Directions: Please output the data exactly, minus pictures.

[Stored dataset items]
^^^^

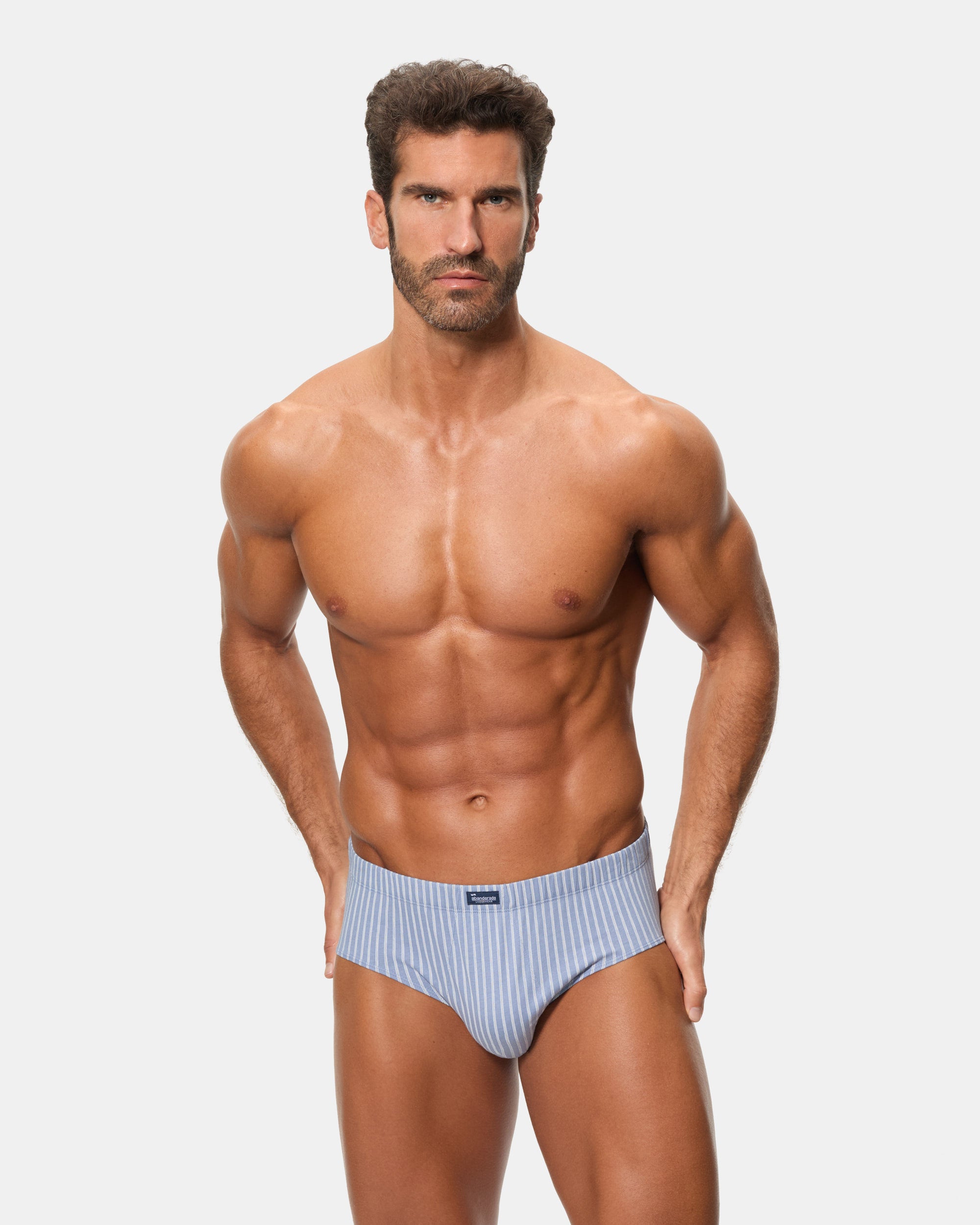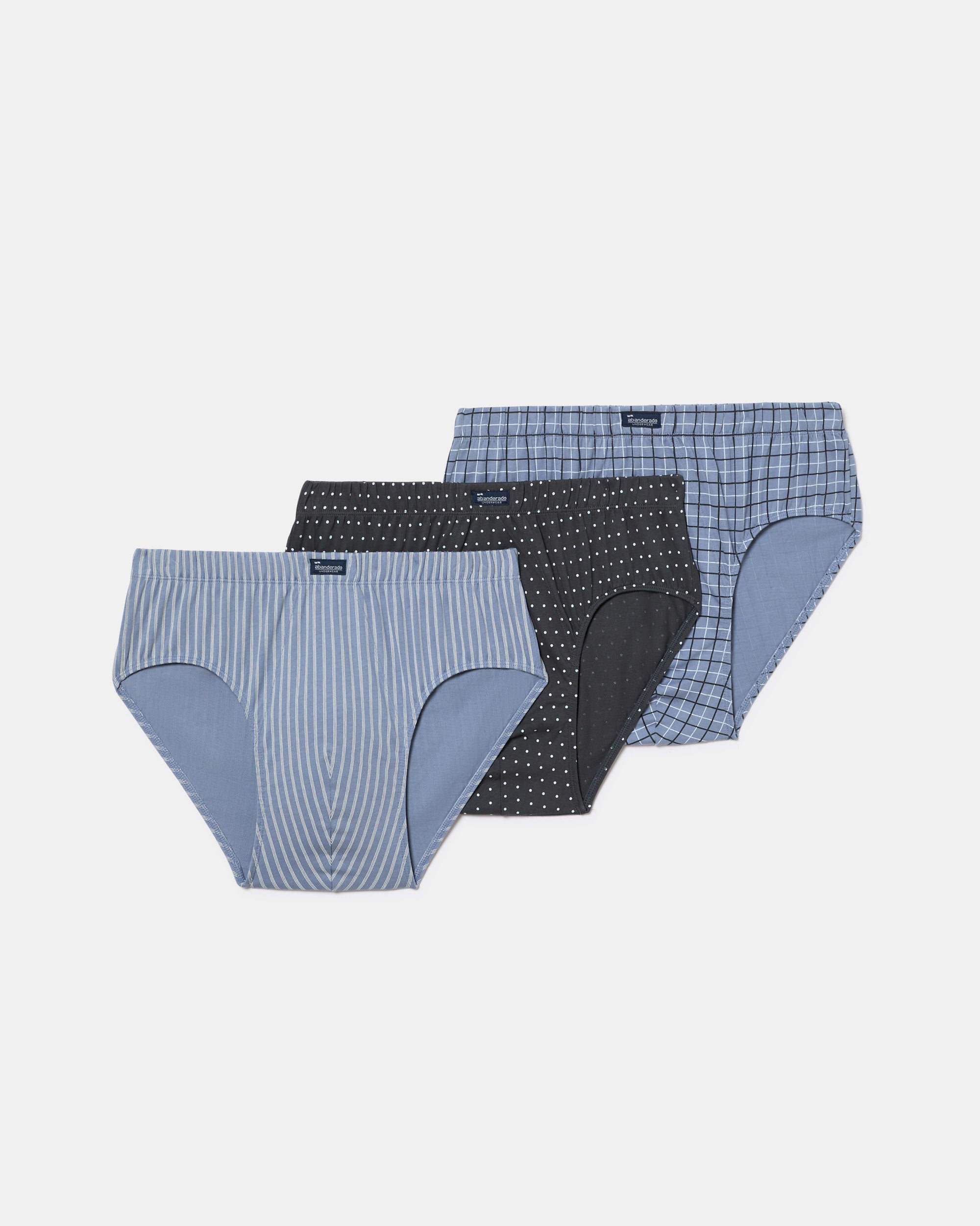 Pack 3 Slips Semicortos Algodón 100% Estampados azul rayas y puntos hombre
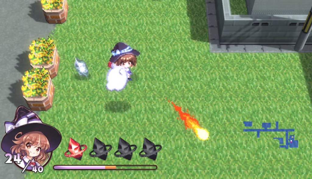 The presentation in this game is simple, combining some basic pixel art graphics with low-detail polygonal environments. It’s not impressive at all, but still manages to be visually appealing, although I will say that the environments get repetitive really quickly. The same goes for the game’s music – it’s okay, but highly repetitive to the point of getting annoying quickly. The story here is also a mix of good and bad – it’s a cute idea of a normal schoolgirl basically tricked into becoming a witch and hounded by monsters, but as cute as the story may be, it’s hampered by a pretty poor localization.
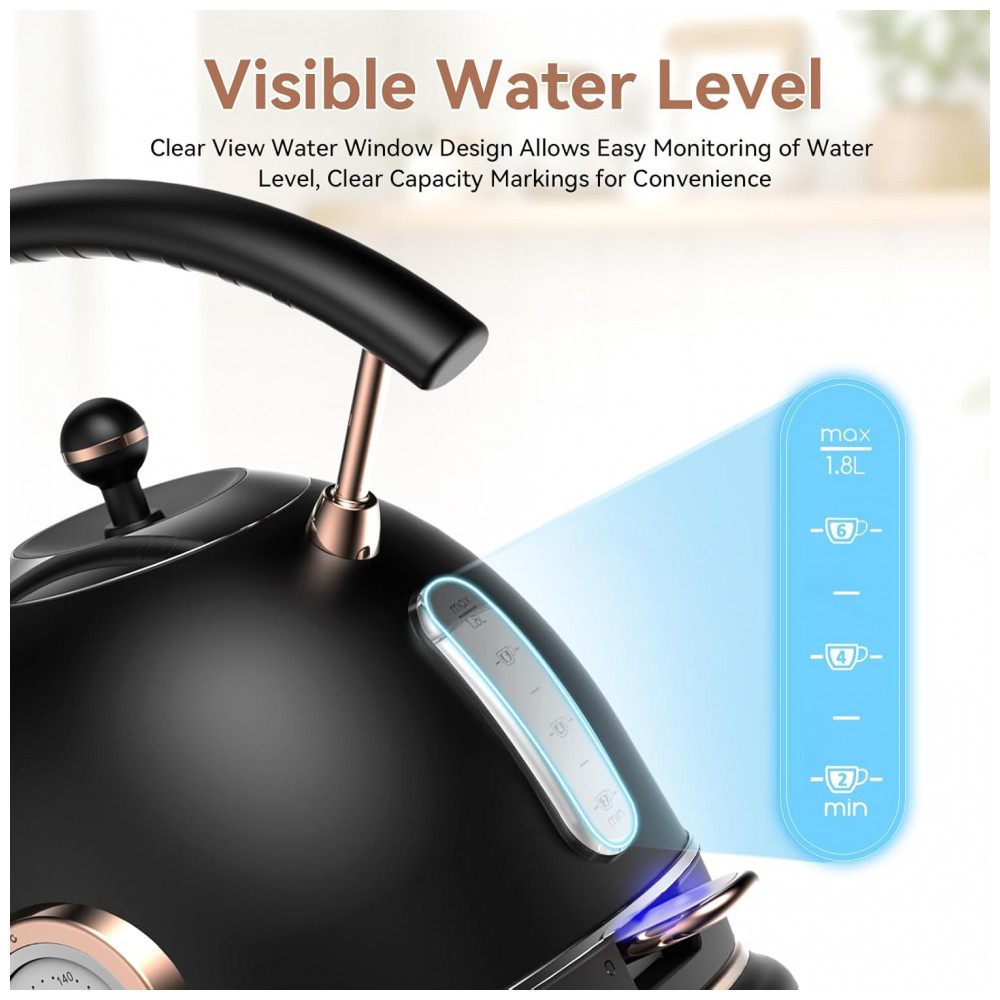 A chaleira elétrica retrô da Rasonic combina elegância e funcionalidade com seu design atemporal nas cores preto fosco e rosa dourado, transformando sua cozinha num ambiente sofisticado. Com potência de 1500W, ela garante uma fervura rápida e silenciosa, ideal para preparar chá, café ou água quente sem barulhos incômodos, perfeita para uso doméstico ou no escritório. Construída em aço inoxidável de alta qualidade tanto no interior quanto no exterior, oferece resistência à ferrugem e desgaste, garantindo sempre água quente pura e livre de contaminantes. Com capacidade de 1,8 litros, esta chaleira elétrica é robusta e confiável para uso diário. Seu termostato Strix inteligente assegura o desligamento automático após a fervura, economizando energia e prolongando a vida útil do aparelho em até 30%, além de contar com proteção contra funcionamento a seco, aumentando a segurança e evitando acidentes. A chaleira possui uma janela transparente com indicador de nível de água e termômetro integrado, facilitando o acompanhamento do processo de aquecimento para preparos precisos de chás, refeições instantâneas ou cafés. O design sem fio com base giratória de 360° permite manuseio e serviço confortáveis de qualquer ângulo, enquanto o filtro embutido retém impurezas, garantindo água mais limpa. Compacta, combina praticidade e estilo para seu dia a dia na cozinha. Produto projetado para oferecer alta performance com facilidade de manutenção e cuidado.
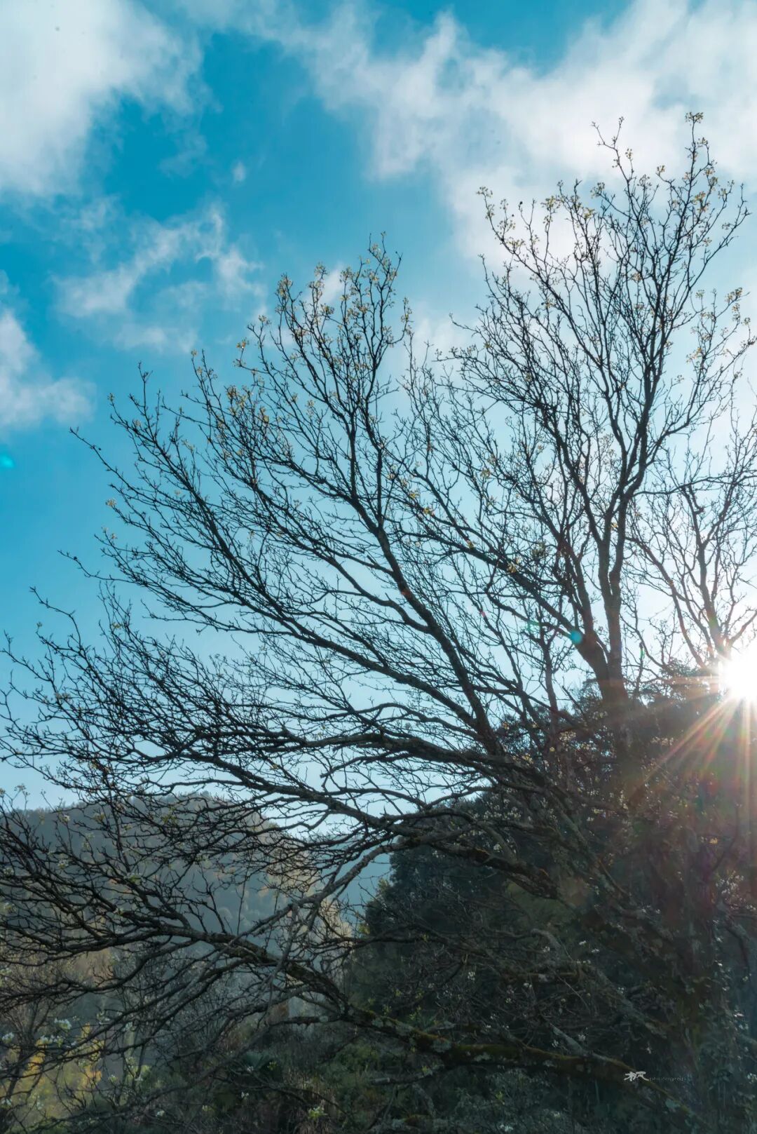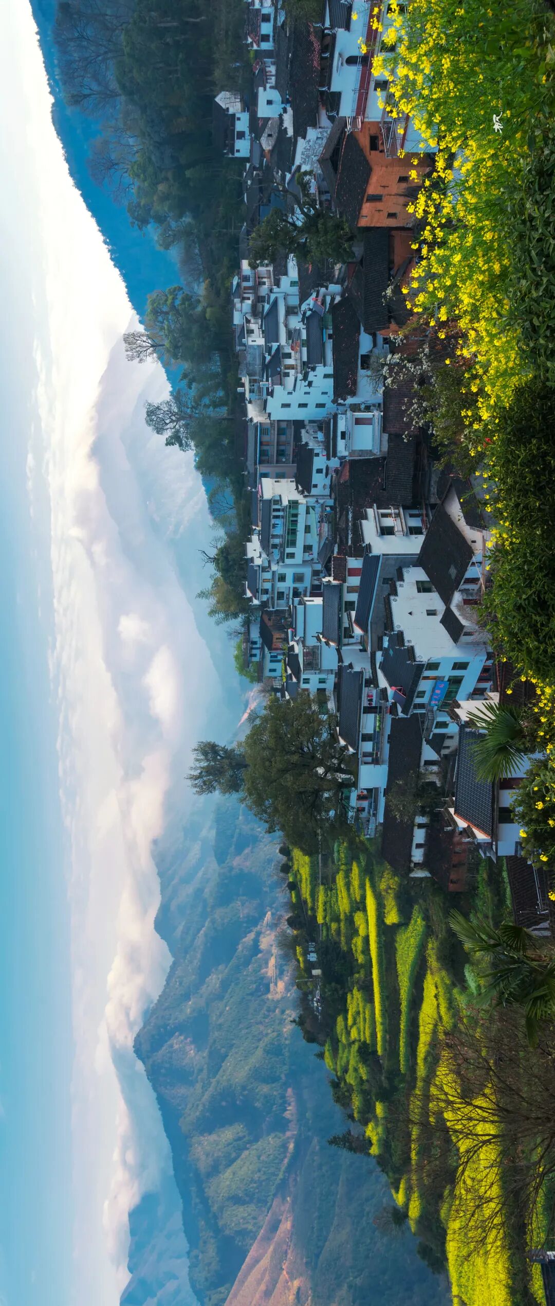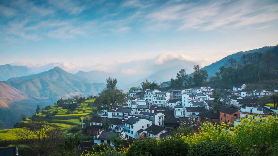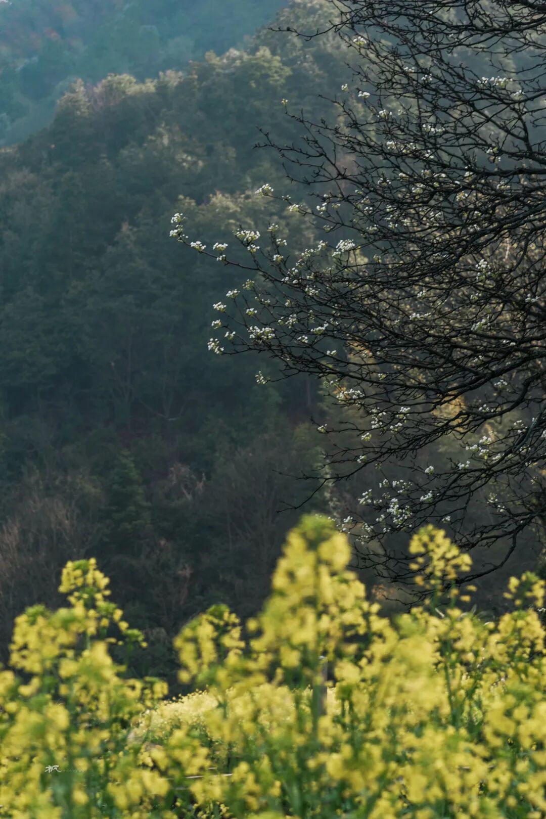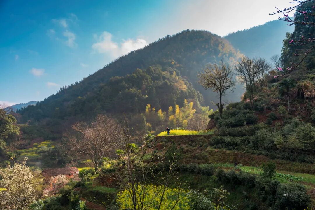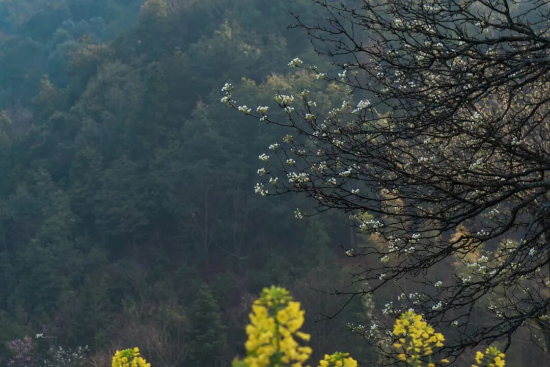 因天气晴朗,没能等到云海萦绕在村落上方的绝佳景色,村后的山坡上桃花刚谢,梨花正开,朝阳洒落在黄色的油菜花、白色的萝卜花以及黄泥土墙黛瓦的村屋上,构成一幅唯美的的画面。
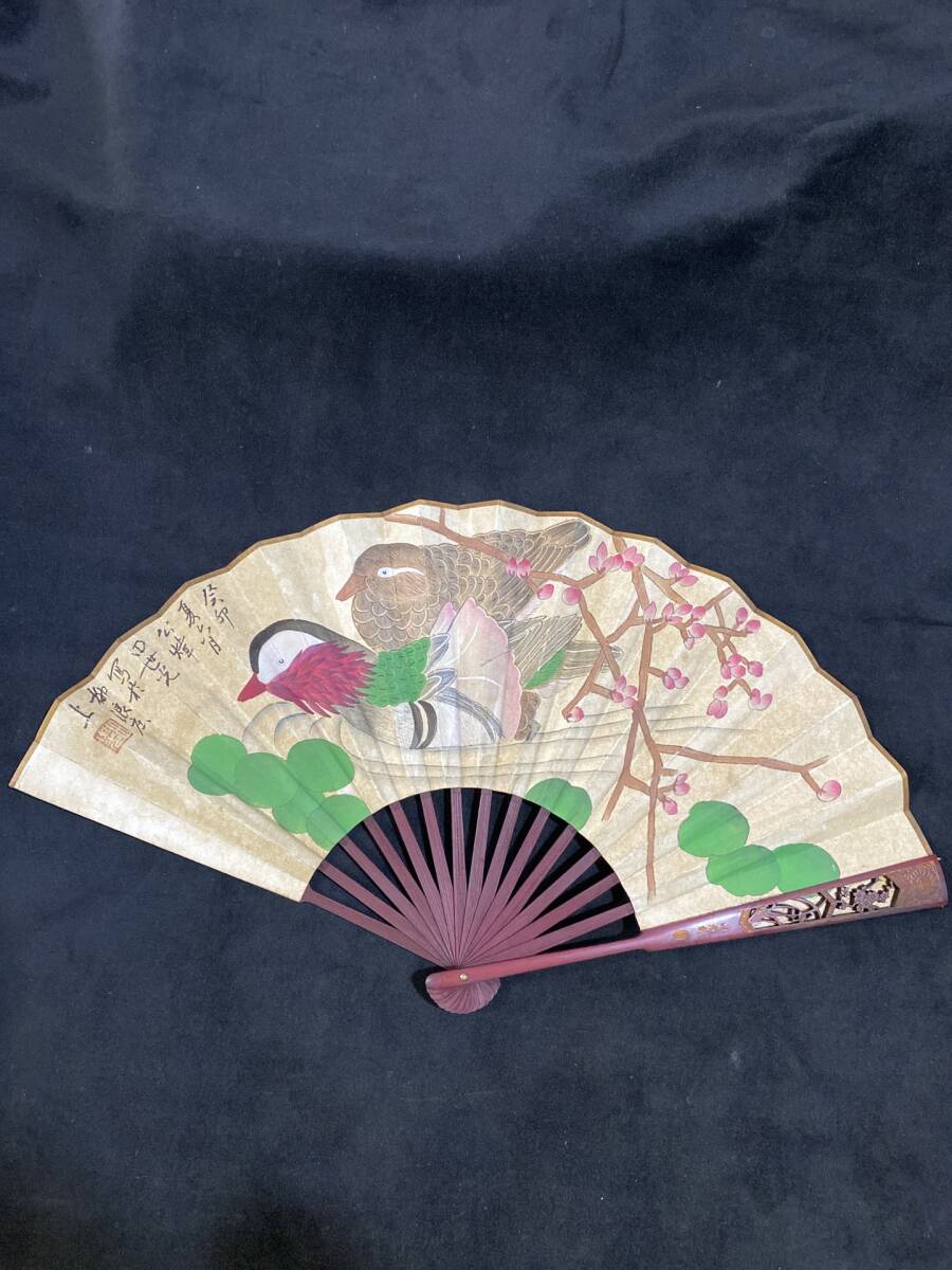 - 中国古画 手描 花鳥紋 扇子 巻物 宣紙 時代物 東洋彫刻 旧家蔵出し 唐物 中国古玩 古美術品
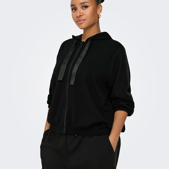 Opgrader din garderobe med denne smarte hoodie fra ONLY CARMAKOMA. Denne hoodie er designet specielt til kurvede kvinder i størrelserne 42-54 og fremhæver din naturlige skønhed med sin flatterende pasform. Med sit afslappede, men sofistikerede design kan du både slappe af derhjemme eller skabe et cool look til hverdagens aktiviteter. Blusen har lurex bånd langs ærmerne.
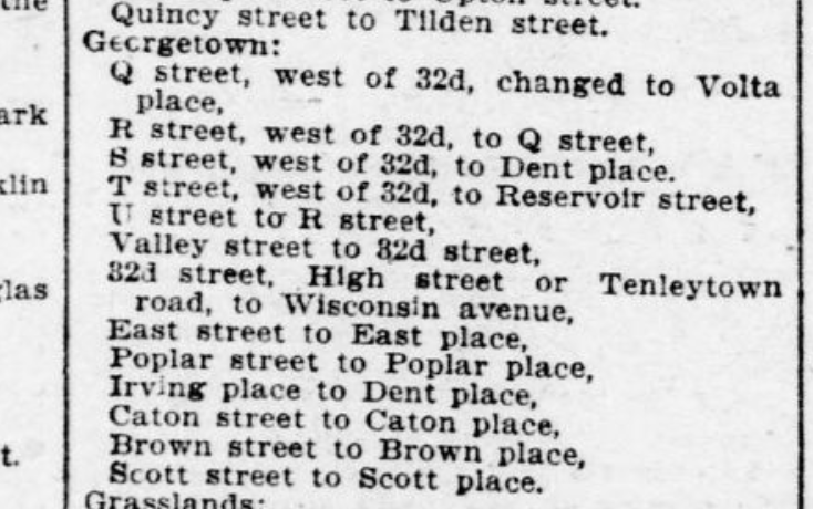 The road now known as Dent Place was carved out of a large plot of land known as Cooke Park. It ran from Q up to R St. west of 30th:
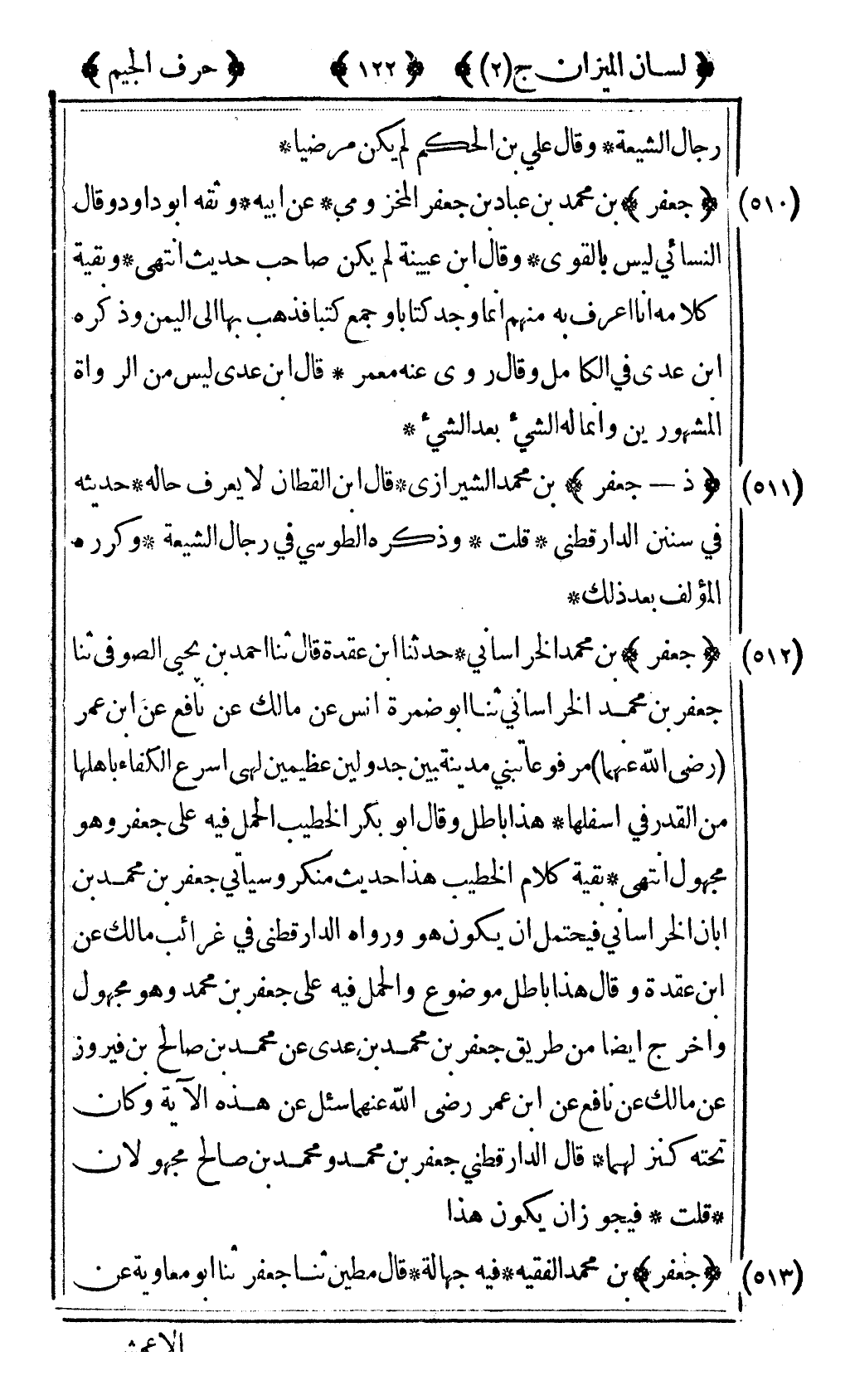 [511] "ذ-جعفر" بن محمد الشيرازي قال ابن القطان لا يعرف حاله حديثه في سنن الدارقطني قلت وذكره الطوسي في رجال الشيعة وكرره المؤلف بعد ذلك.

^^^^

Final answer:
 Pack 3 Slips Semicortos Algodón 100% Estampados azul rayas y puntos hombre
 The presentation in this game is simple, combining some basic pixel art graphics with low-detail polygonal environments. It’s not impressive at all, but still manages to be visually appealing, although I will say that the environments get repetitive really quickly. The same goes for the game’s music – it’s okay, but highly repetitive to the point of getting annoying quickly. The story here is also a mix of good and bad – it’s a cute idea of a normal schoolgirl basically tricked into becoming a witch and hounded by monsters, but as cute as the story may be, it’s hampered by a pretty poor localization.
 A chaleira elétrica retrô da Rasonic combina elegância e funcionalidade com seu design atemporal nas cores preto fosco e rosa dourado, transformando sua cozinha num ambiente sofisticado. Com potência de 1500W, ela garante uma fervura rápida e silenciosa, ideal para preparar chá, café ou água quente sem barulhos incômodos, perfeita para uso doméstico ou no escritório. Construída em aço inoxidável de alta qualidade tanto no interior quanto no exterior, oferece resistência à ferrugem e desgaste, garantindo sempre água quente pura e livre de contaminantes. Com capacidade de 1,8 litros, esta chaleira elétrica é robusta e confiável para uso diário. Seu termostato Strix inteligente assegura o desligamento automático após a fervura, economizando energia e prolongando a vida útil do aparelho em até 30%, além de contar com proteção contra funcionamento a seco, aumentando a segurança e evitando acidentes. A chaleira possui uma janela transparente com indicador de nível de água e termômetro integrado, facilitando o acompanhamento do processo de aquecimento para preparos precisos de chás, refeições instantâneas ou cafés. O design sem fio com base giratória de 360° permite manuseio e serviço confortáveis de qualquer ângulo, enquanto o filtro embutido retém impurezas, garantindo água mais limpa. Compacta, combina praticidade e estilo para seu dia a dia na cozinha. Produto projetado para oferecer alta performance com facilidade de manutenção e cuidado.
 因天气晴朗,没能等到云海萦绕在村落上方的绝佳景色,村后的山坡上桃花刚谢,梨花正开,朝阳洒落在黄色的油菜花、白色的萝卜花以及黄泥土墙黛瓦的村屋上,构成一幅唯美的的画面。
 - 中国古画 手描 花鳥紋 扇子 巻物 宣紙 時代物 東洋彫刻 旧家蔵出し 唐物 中国古玩 古美術品
 Opgrader din garderobe med denne smarte hoodie fra ONLY CARMAKOMA. Denne hoodie er designet specielt til kurvede kvinder i størrelserne 42-54 og fremhæver din naturlige skønhed med sin flatterende pasform. Med sit afslappede, men sofistikerede design kan du både slappe af derhjemme eller skabe et cool look til hverdagens aktiviteter. Blusen har lurex bånd langs ærmerne.
 The road now known as Dent Place was carved out of a large plot of land known as Cooke Park. It ran from Q up to R St. west of 30th:
 [511] "ذ-جعفر" بن محمد الشيرازي قال ابن القطان لا يعرف حاله حديثه في سنن الدارقطني قلت وذكره الطوسي في رجال الشيعة وكرره المؤلف بعد ذلك.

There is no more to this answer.